*** Source data Section Begins ***

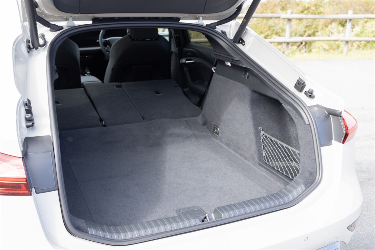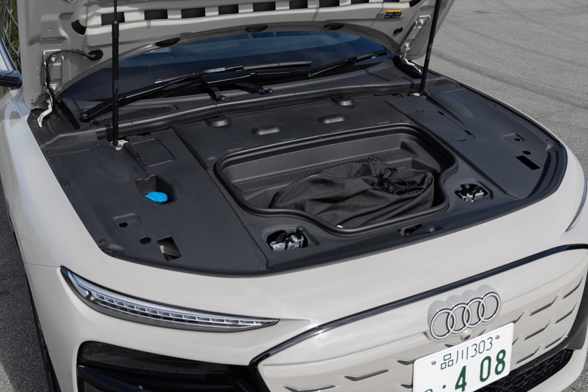 ボディーサイズは全長4930×全幅1925×全高1470mmでホイールベースは2950mm。その数字通り、やや大柄の印象を受けます。ホイールベースが長いので、最小回転半径は5.7mですが、6mを切っているので思ったよりは曲がるという印象もあります。ボディータイプは写真のクーペタイプ(スポーツバック)のほか、アヴァント(ステーションワゴン)の2種類を用意。アウディのBEVでステーションワゴンタイプは本機が初めてとなります。
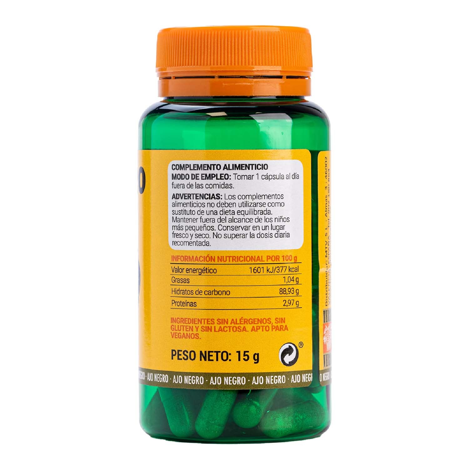 Advertencias: No superar la dosis diaria recomendada. Mantener fuera del alcance de los niños más pequeños. Los complementos alimenticios no deben utilizarse como sustituto de una dieta variada y equilibrada ni de un estilo de vida saludable. Conservar en lugar fresco y seco.
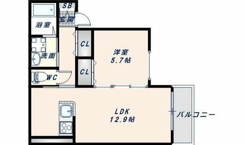 1LDK(洋5.7、LDK12.9) |
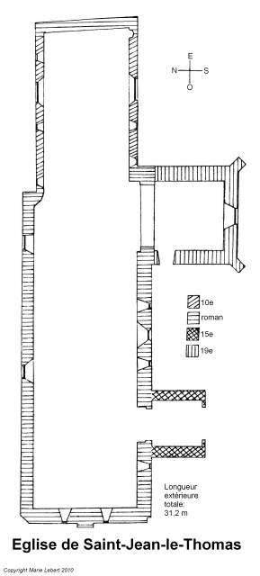 089. Saint-Jean-le-Thomas. The church plan. Regularly oriented from west to east, the rectangular building is formed by a long nave and a flat apse choir. The whole building has an external length of 31.2 meters and an external width of 8.1 meters (width of the front). The church gate is opened in the south wall of the nave, with a porch. Built along the nave, the tower rises south. Plan by Marie Lebert.
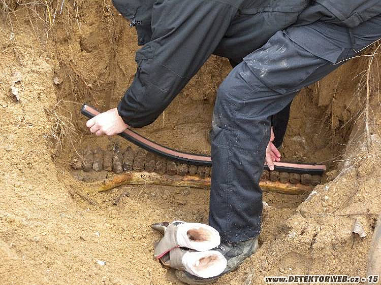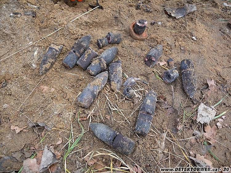 Shodou okolností jsme měli v uplynulých týdnech příležitost být u jednoho "případu" takříkajíc on-line, když jsme byli hledat v severozápadních Čechách. Prozvonili jsme kamarády, jestli nejsou někde poblíž na poli a ozvalo se: "Přijeďte, právě jsme volali 158." Třeba říci, že tito naši kolegové nejsou - díky tomu, v jakých končinách většinou hledají - v tomto oboru žádnými nováčky. Mají munici "nažitou" i "načtenou", a proto k ní přistupují s maximálním respektem. Na starou munici tady narazíte častěji, než může být většině lidí milé. Má to na svědomí takříkajíc někdejší vysoká četnost muničních skladů na metr čtvereční v tomto koutu kraje - poblíž stály kdysi čtyři, dnes je v provozu jeden, dva někdo poslal v roce 1945 do vzduchu, a tak je v okolí opatrnost při práci s rýčem či krumpáčkem víc než na místě.
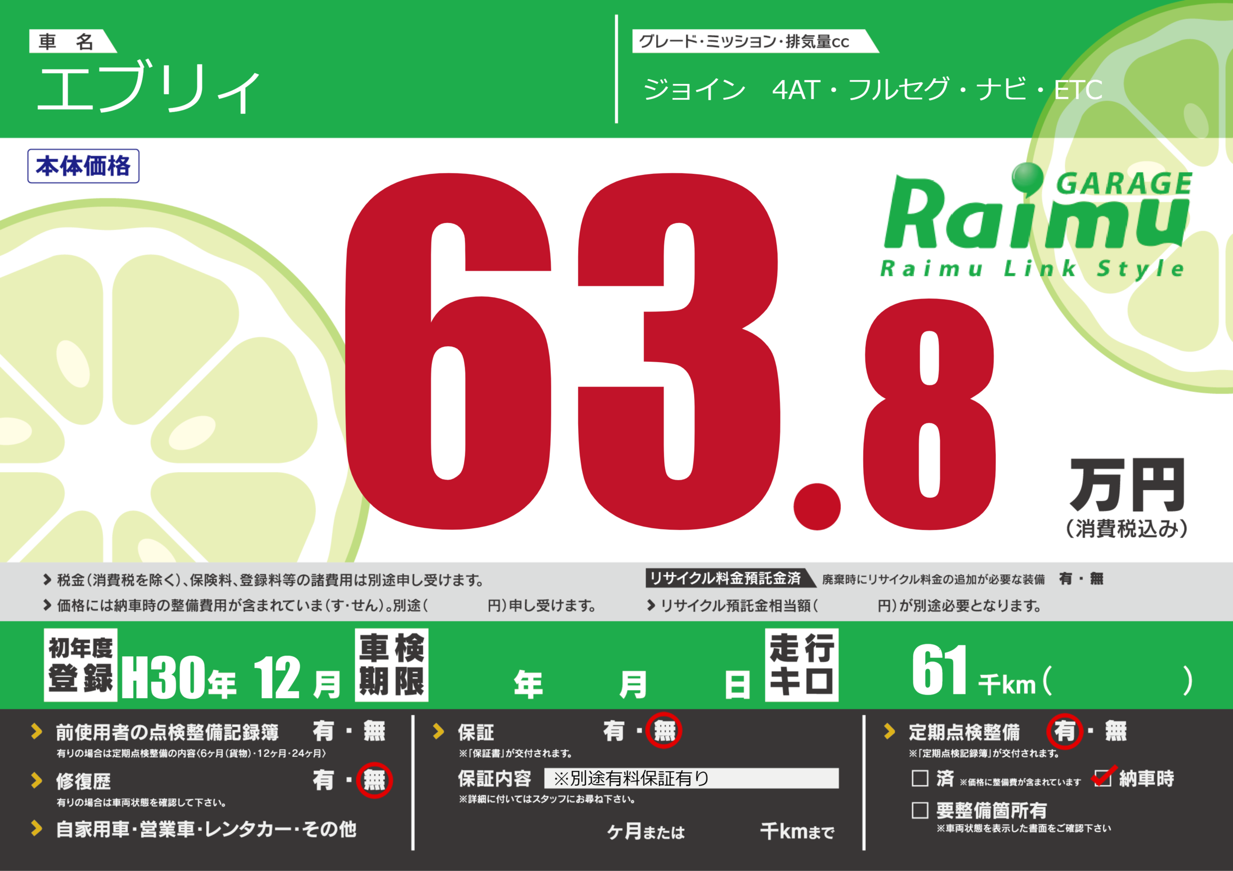 | 定期点検整備 | 定期点検整備あり 納車時あり | ||
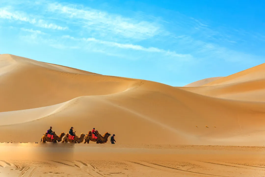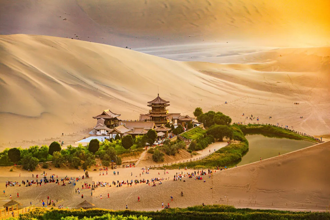 Today we will visit to the Echoing-Sand Mountain. Echoing-Sand Mountain is named after the sound of sand movement, there is Crescent Lake so called because of its shape. The water in the lake is so pure and sweet that it looks like an emerald set in the sand. Many of the visitors who have made their way down Echoing-Sand Mountain like to drink from the lake. According to historical record, the lake has been in existence for hundreds of years without ever being buried by the sand; it is really a geological wonder.
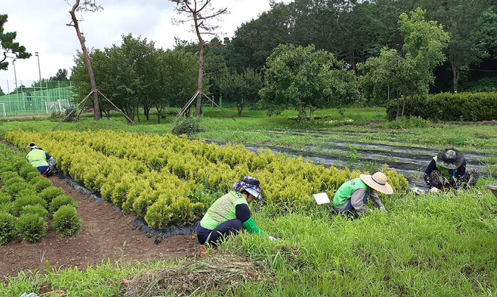 ▲ 성남시 지역공동체 일자리 중 하나인 전지부산물 파쇄 및 무궁화 보급 사업(여수동) / 성남시 제공 |
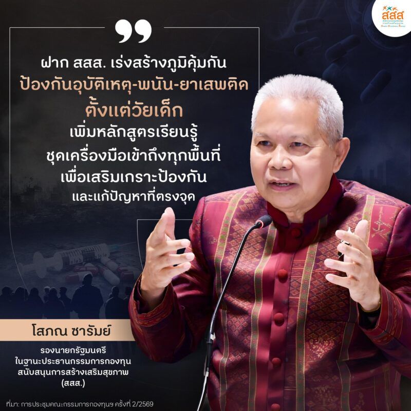 นายโสภณ ซารัมย์ รองนายกรัฐมนตรี ในฐานะประธานกรรมการกองทุนสนับสนุนการสร้างเสริมสุขภาพ (สสส.) เป็นประธานการประชุมคณะกรรมการกองทุนฯ ครั้งที่ 2/2569 เมื่อวันที่ 16 กุมภาพันธ์ 256 กล่าวว่า ที่ประชุมรับทราบผลการดำเนินงานการจัดการความปลอดภัยและปัจจัยเสี่ยงทางสังคม ซึ่งเป็นการทำงาน สสส. ร่วมกับภาคีเครือข่ายทั้งภาครัฐ เอกชน และประชาสังคม พบว่า ในภาพรวมผู้เสียชีวิตจากอุบัติเหตุทางถนนลดลงจาก 17,477 คน ในปี 2567 เหลือ 15,534 คน ในปี 2568 หรือคิดเป็น 11% โดยกลุ่มเสี่ยงหลักยังเป็นเด็กและเยาวชน อายุ 15-24 ปี เสียชีวิตจากรถจักรยานยนต์สูงสุด 81.1% ไม่สวมหมวกนิรภัย 79.3% ส่วนใหญ่เกิดเหตุในพื้นที่ใกล้บ้าน ระยะทางไม่เกิน 5 กิโลเมตร สอดคล้องกับสถิติในช่วงเทศกาลปีใหม่ (วันที่ 30 ธ.ค. 2568 – 5 ม.ค. 2569) อุบัติเหตุรวม 1,511 ครั้ง บาดเจ็บ 1,464 คน และเสียชีวิต 272 คน ซึ่งลดลง 10.2% ดังนั้น สสส. จึงนำข้อมูลมาถอดบทเรียนใช้ข้อมูลเป็นฐาน เพื่อยกระดับความปลอดภัยทางถนนครอบคลุมทั้งในระดับจังหวัด อำเภอ ชุมชน นอกจากนี้ยังเฝ้าระวังเรื่องการพนันในสังคมไทยซึ่งเป็นอีกปัจจัยเสี่ยง หลังพบ ปี 2566 คนไทย 34.5 ล้านคน เล่นการพนัน เป็นเด็กและเยาวชน 4.9 ล้านคน ส่งผลให้เกิดปัญหนี้สิน ความเครียด เสียสุขภาพจิต และทะเลาะกับคนในครอบครัว นำไปสู่ปัญหาคุณภาพชีวิต

*** Source data Section Ends ***

§ **Work task**
May I have only the lines from the start of the data through the line containing "Today we will", both included, reproduced exactly and without the pictures?

§ **Written response**
 ボディーサイズは全長4930×全幅1925×全高1470mmでホイールベースは2950mm。その数字通り、やや大柄の印象を受けます。ホイールベースが長いので、最小回転半径は5.7mですが、6mを切っているので思ったよりは曲がるという印象もあります。ボディータイプは写真のクーペタイプ(スポーツバック)のほか、アヴァント(ステーションワゴン)の2種類を用意。アウディのBEVでステーションワゴンタイプは本機が初めてとなります。
 Advertencias: No superar la dosis diaria recomendada. Mantener fuera del alcance de los niños más pequeños. Los complementos alimenticios no deben utilizarse como sustituto de una dieta variada y equilibrada ni de un estilo de vida saludable. Conservar en lugar fresco y seco.
 1LDK(洋5.7、LDK12.9) |
 089. Saint-Jean-le-Thomas. The church plan. Regularly oriented from west to east, the rectangular building is formed by a long nave and a flat apse choir. The whole building has an external length of 31.2 meters and an external width of 8.1 meters (width of the front). The church gate is opened in the south wall of the nave, with a porch. Built along the nave, the tower rises south. Plan by Marie Lebert.
 Shodou okolností jsme měli v uplynulých týdnech příležitost být u jednoho "případu" takříkajíc on-line, když jsme byli hledat v severozápadních Čechách. Prozvonili jsme kamarády, jestli nejsou někde poblíž na poli a ozvalo se: "Přijeďte, právě jsme volali 158." Třeba říci, že tito naši kolegové nejsou - díky tomu, v jakých končinách většinou hledají - v tomto oboru žádnými nováčky. Mají munici "nažitou" i "načtenou", a proto k ní přistupují s maximálním respektem. Na starou munici tady narazíte častěji, než může být většině lidí milé. Má to na svědomí takříkajíc někdejší vysoká četnost muničních skladů na metr čtvereční v tomto koutu kraje - poblíž stály kdysi čtyři, dnes je v provozu jeden, dva někdo poslal v roce 1945 do vzduchu, a tak je v okolí opatrnost při práci s rýčem či krumpáčkem víc než na místě.
 | 定期点検整備 | 定期点検整備あり 納車時あり | ||
 Today we will visit to the Echoing-Sand Mountain. Echoing-Sand Mountain is named after the sound of sand movement, there is Crescent Lake so called because of its shape. The water in the lake is so pure and sweet that it looks like an emerald set in the sand. Many of the visitors who have made their way down Echoing-Sand Mountain like to drink from the lake. According to historical record, the lake has been in existence for hundreds of years without ever being buried by the sand; it is really a geological wonder.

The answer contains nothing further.